In my early teenage years I listened to punk almost exclusively. It suited me because it was angry, loud, fast and flippant, but there were very few punk rockers who I could identify with. I thought about when I first laid eyes on Poly Styrene, a moment which blew my mind. She was fourteen when the X Ray Spex gained notoriety, she had the strangest and most punk singing voice I’d ever heard, and to top it off, she looked like me. Looking back on it, encountering the X Ray Spex was so formative for me because I think it may have been the first time I realized the importance of visibility—the importance of seeing someone who shares identity markers with you doing something that you admire, creating something that speaks to you. From there, my mind began to drift towards thinking about place as crucial part of defining one’s identity, and how important the sound of a city is to defining it.
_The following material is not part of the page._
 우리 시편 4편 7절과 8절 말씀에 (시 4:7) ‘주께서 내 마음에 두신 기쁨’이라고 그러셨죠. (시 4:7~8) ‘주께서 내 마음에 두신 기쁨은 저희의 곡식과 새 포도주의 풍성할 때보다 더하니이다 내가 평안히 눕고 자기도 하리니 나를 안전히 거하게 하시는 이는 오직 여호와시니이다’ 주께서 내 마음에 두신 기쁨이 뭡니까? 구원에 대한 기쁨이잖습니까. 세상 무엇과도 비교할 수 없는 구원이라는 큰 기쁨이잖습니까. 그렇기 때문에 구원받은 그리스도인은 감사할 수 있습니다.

Growing up in Massachusetts I had the misfortune of having the place I came from associated with New Kids on the Block and “More Than a Feeling”, a song that to this day fills me with unspeakable rage. The only major Massachusetts act I felt any deep sense of investment in was The Pixies. On a side note, Frank Black’s brother owns The Quarterdeck, the best bar in my hometown. As I was thinking about it, I realized that Detroit’s musicians have shaped my interior landscape long before I had ever been here. It’s an incomplete list, but shout out to Aaliyah, J Dilla, Derek May, Angel Haze, Danny Brown, Eminem, all of Motown, the Stooges, Rodriguez, MC5, Black Milk, & Bob Seger. While all of these musicians have influenced me, I don’t think any story in music fascinates me more than that of the band Death. If you haven’t watched the documentary A Band Called Death yet, stop reading this and go watch it right now. I’ll wait.
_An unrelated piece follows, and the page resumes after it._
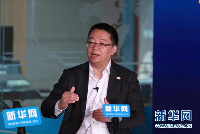圖為綠地商貿集團董事長、總經理薛迎杰接受新華網獨家專訪。新華網嚴曉瑜攝

As I was painting the living room, I began to paint a small section of a wall sky blue without really thinking. Later that night, I started to fill in clouds, which then took on the shape of a pyramid. I was painting over the span of a few weeks, but I kept coming back to that one section of the wall. Eventually it became an artwork unto itself. I call it “Politicians in My Eyes” and it’s my homage to Death, and it’s one of the things that anchors me, that makes me feel most at home. Beyond being a tribute to an incredible band, it also serves as a daily reminder of finding profound magic in the mundane and the importance of creating work you care about whether or not other people fully embrace it, or you. For me, this is vital, especially as I begin to accept the idea that I can just be a writer here. So much of my journey towards belonging is paved with a burgeoning sense of self-acceptance that allows me to be patient with myself.
For two years in my mid-twenties, I didn’t write a single poem because some of my poems had greatly upset people I cared about. Beyond that, I would beat myself up over the idea that nothing I did had ensured the financial security of everyone I love. In Brooklyn, I started to shake these impossible expectations. If I hadn’t, I don’t know that I would ever have applied to Write A House to begin with. Even in the short time I’ve been here, living in Detroit has given me a sense of freedom and possibility unlike any I’ve ever felt, and I’m thrilled with the possibilities of all that I can make in this Brave New Home.